Faction represented in the Knesset
- 1992–1999: Labor Party
- 1999–2001: One Israel

Personal details
- Born: 17 October 1953 (age 72) Tel Aviv, Israel

= Eli Goldschmidt =

Israeli politician

Eli Goldschmidt (אלי גולדשמידט; born 17 October 1953) is an Israeli former politician who served as a member of the Knesset for One Israel and the Labor Party between 1992 and 2001.

==Biography==
Born in Tel Aviv, Goldschmidt studied law at Tel Aviv University, where he earned an MA before working as a lawyer.

He was first elected to the Knesset on the Labor Party list in 1992 and chaired the House Committee and the Joint Committee for the Knesset Budget during his first term.

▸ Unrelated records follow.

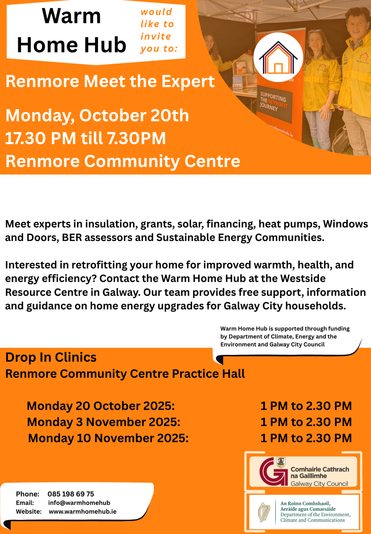 We are running two Meet the Expert Events in Renmore on 20th Oct and Westside on 11 Nov. The events are intended for anyone living in Galway City. Additional to these, we are also running Drop-In-Clinics in Renmore and Westside in October and November. More to follow.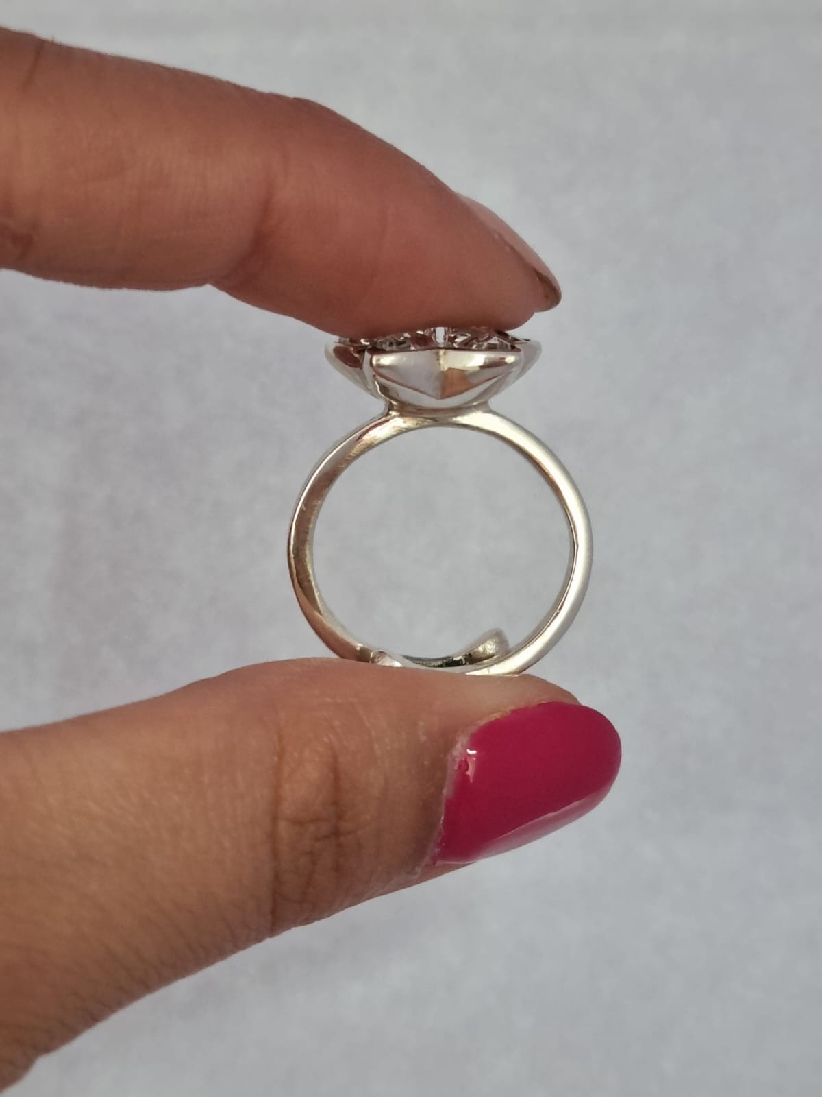 Descripción: Anillo de plata modelo con piedra diseño circulo de cristal europeo el cual esta semi engarzado.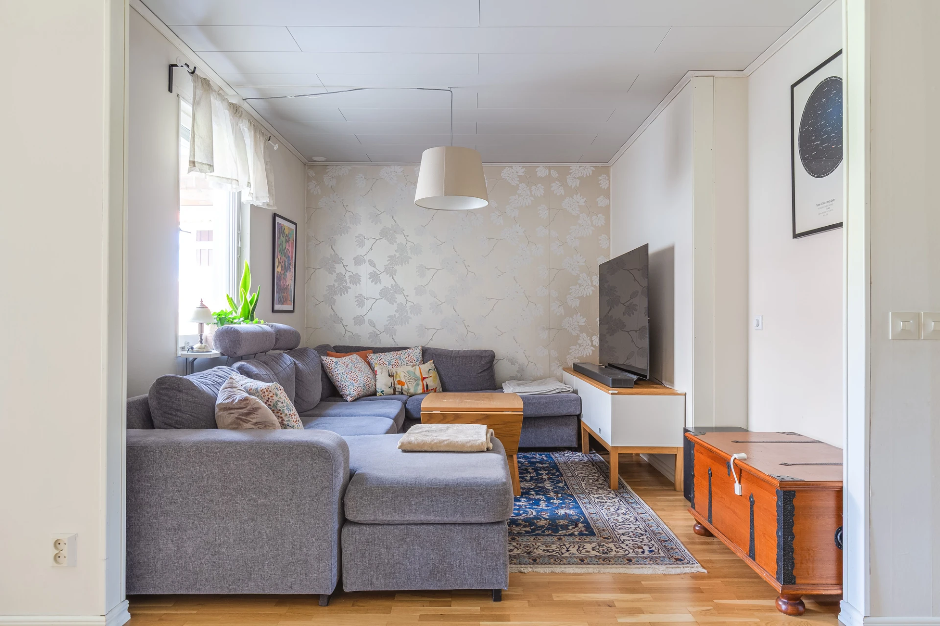 Laminatgolv och ljusa väggar med mönstrad fondvägg. Här finns plats för soffa med tillhörande möblemang.
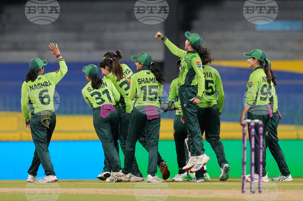 Pakistan's team members celebrate the wicket Bangladesh's Fargana Hoque during the ICC Women's Cricket World Cup match between Bangladesh and Pakistan in Colombo, Sri Lanka, Thursday, Oct. 2, 2025.(AP Photo/Eranga Jayawardena)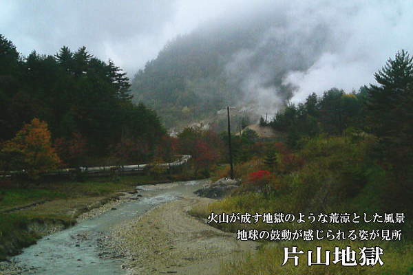 片山地獄は鳴子温泉郷の北側にある鬼首(おにこうべ)にいくつかある名前に地獄のつく場所の一つで、硫黄や蒸気の噴き出す荒涼とした光景は名前の通り地獄を思わせるものがあります。この場所は明治から昭和初頭にかけて硫黄鉱山として最盛期には800人もの人が精錬に携わっていたといいます。その後、この地の地熱を利用して日本で4番目の鬼首地熱発電所が昭和50年に稼働しました。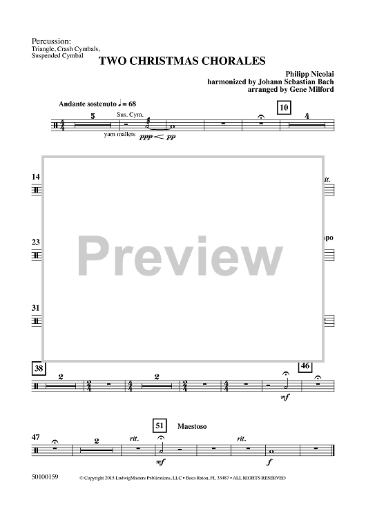 Digital Sheet Music for Two Christmas Chorales - Percussion by Philipp Nicolai, Gene Milford scored for Concert Band; id:459732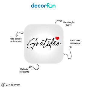 Não perca a oportunidade de elevar o estilo e a energia do seu espaço com a Luminária Box Gratidão. Deixe que sua luz e mensagens transformadoras inspirem você e sua família. Adicione esta peça única à sua compra e descubra como mudanças simples podem gerar grandes resultados na sua vida.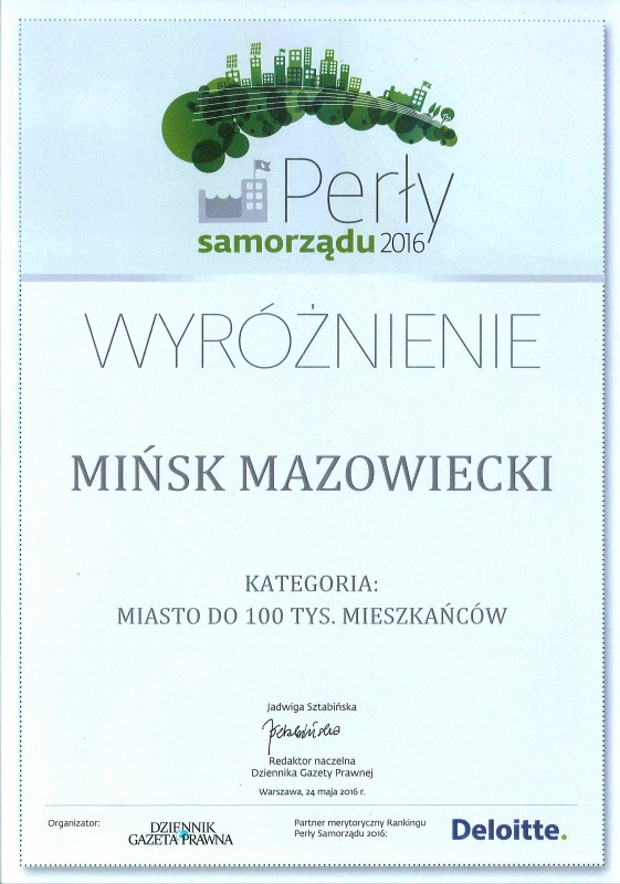 Mińsk Mazowiecki znalazł się w pierwszej dziesiątce najlepszych miast do 100 tys. mieszkańców według prestiżowego rankingu Dziennika Gazety Prawnej „Perły Samorządu 2016”.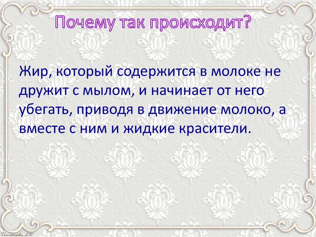 Жир, который содержится в молоке недружит с мылом, и начинает от него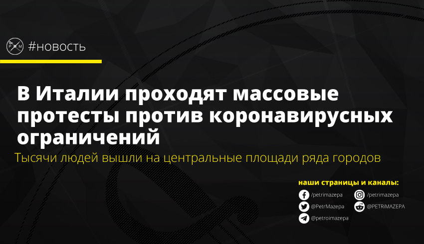 По всей Италии прошли протесты против жестких ограничений, введенных с целью противодействия распространения коронавируса. Тысячи людей вышли на площади разных городов.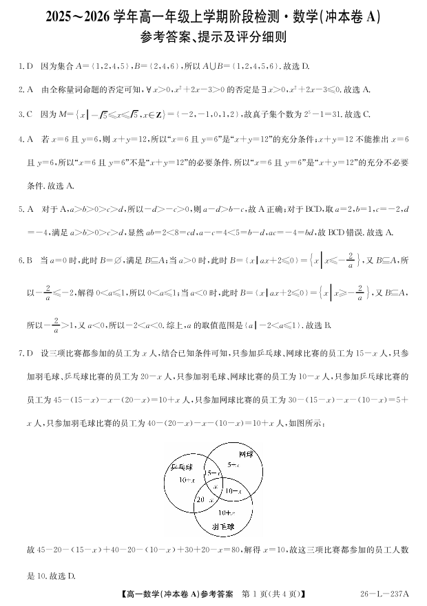 高一数学答案(冲本卷A)--安徽省江淮名校2025-2026学年高一上学期阶段联考

After being re-elected in 1996 he chaired the Economic Affairs Committee. For the 1999 elections he was placed thirteenth on the One Israel list (an alliance of Labor, Meimad and Gesher), and retained his seat as the alliance won 26 mandates. He was appointed chairman of the Finance Committee, but resigned his seat on 13 February 2001, citing a toxic political culture, and was replaced by Mordechai Mishani.

He became a Likud member in 2026 and was placed in a reserved slot ahead of the 2026 Israeli legislative election.